CO2 Injection is one of the EOR methods that holds potential to be widely implemented. However, the underlying issues in implementing CO2 injection include the availability of CO2 sources as well as the steep capital cost associated with the surface facilities required to deliver and process the CO2. In such case, the cyclic injection, so-called Huff & Puff CO2 injection is seemingly more feasible. In this study, we propose an alternative predictive model to determine the performance of CO2 cyclic injection. This model can be utilized as a preliminary screening tool and to understand the feasibility of the operation in a quick manner. In addition, the uncertainties associated with the reservoir conditions can also be considered within the model.

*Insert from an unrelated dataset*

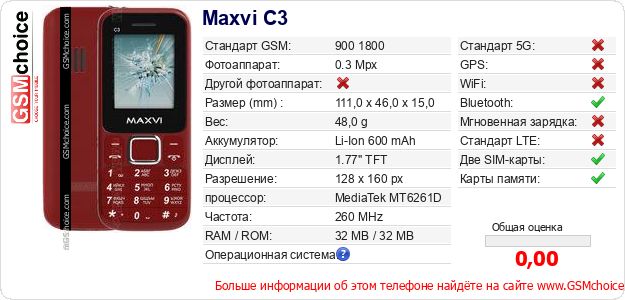 Данные о телефоне Maxvi C3 на Вашем сайте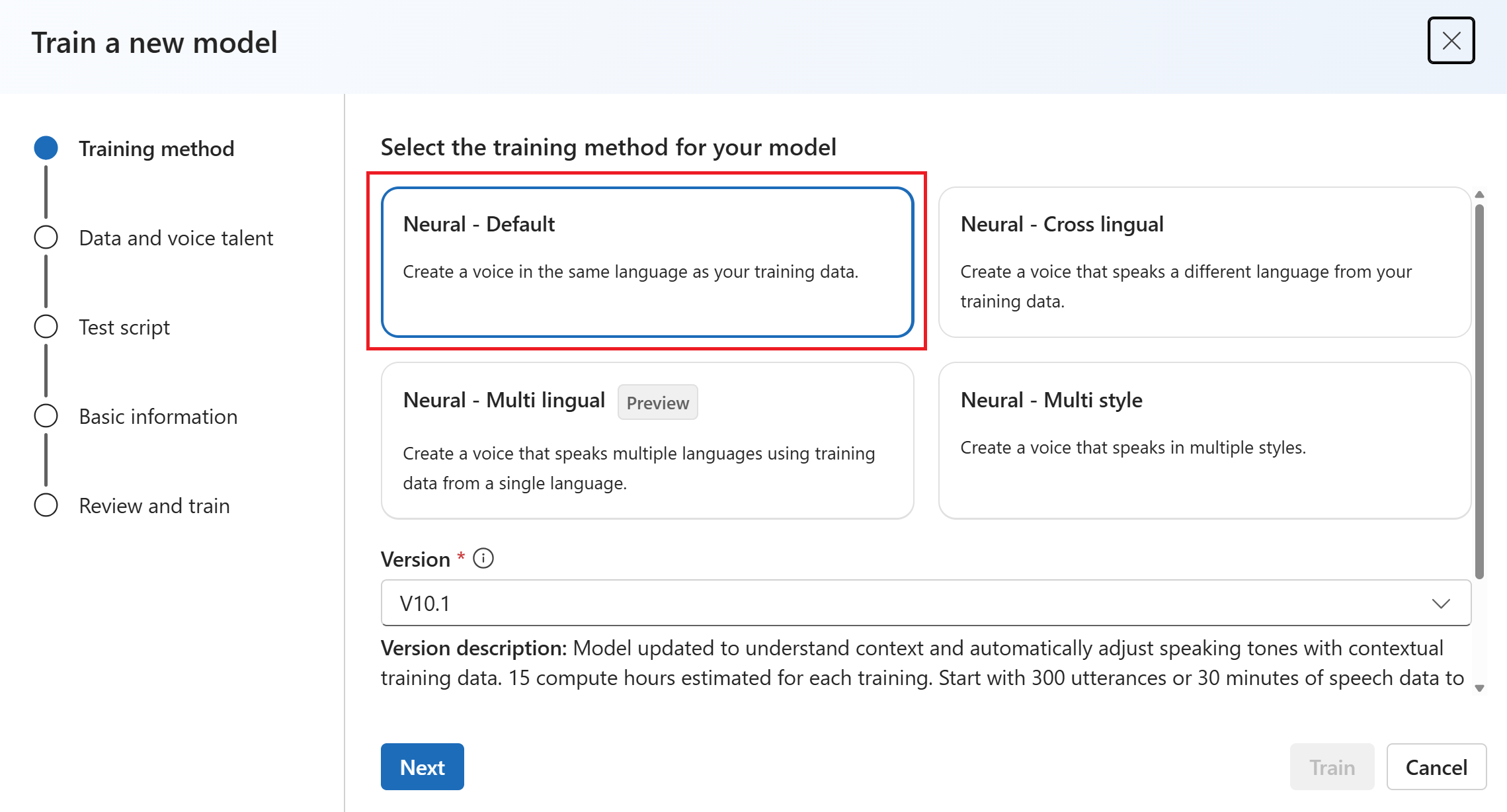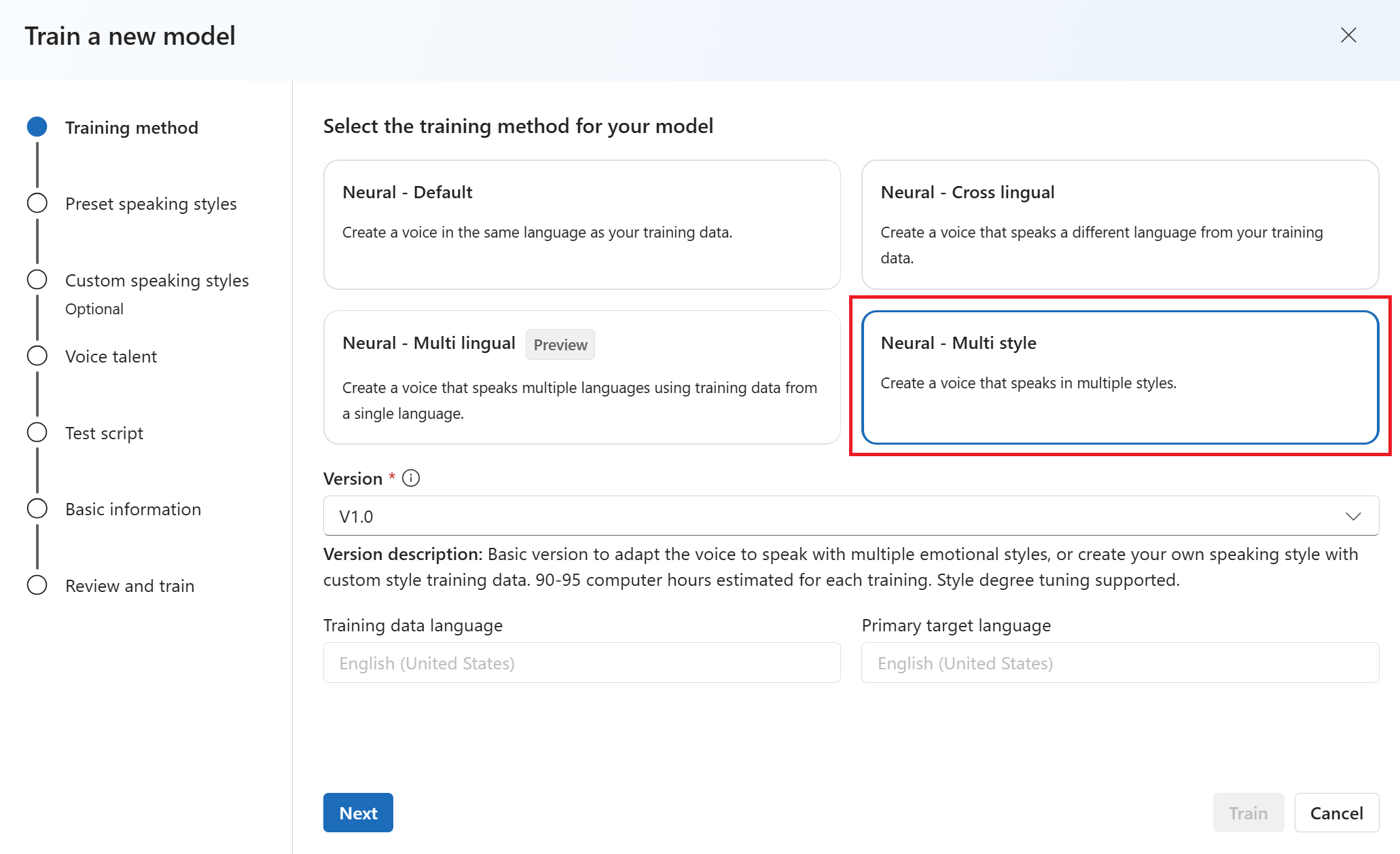 モデルのトレーニング方法として[ニューラル]を選択します。 別のトレーニング方法を使用するには、「 ニューラル - 多言語、 ニューラル - マルチ スタイル、 ニューラル - 多言語 (プレビュー)、ニュー ラル - HD 音声 (プレビュー)」を参照してください。

Most of the efforts to develop predictive model for CO2 cyclic injection have been concentrated around empirical approach, and hence, only limited parameters are considered. In this study, we establish experimental design through reservoir simulation and perform machine learning to construct the predictive model. Therefore, most important factors driving the performance of the well underwent CO2 cyclic injection including reservoir rock and fluid properties, interaction between rocks and fluids, drainage geometry, and operating condition are incorporated. Compared to the simulation results, the proposed predictive model shows an acceptable accuracy with R-squared of above 0.95.
The result of this study can be used to help find suitable well and reservoir to be injected with cyclic CO2 injection, as preliminary analysis on the individual well performance can be conducted before performing full field simulation. The model can also be utilized to determine the optimum amount of CO2 needed, as well as the length of injection and soaking time before the well is put into production.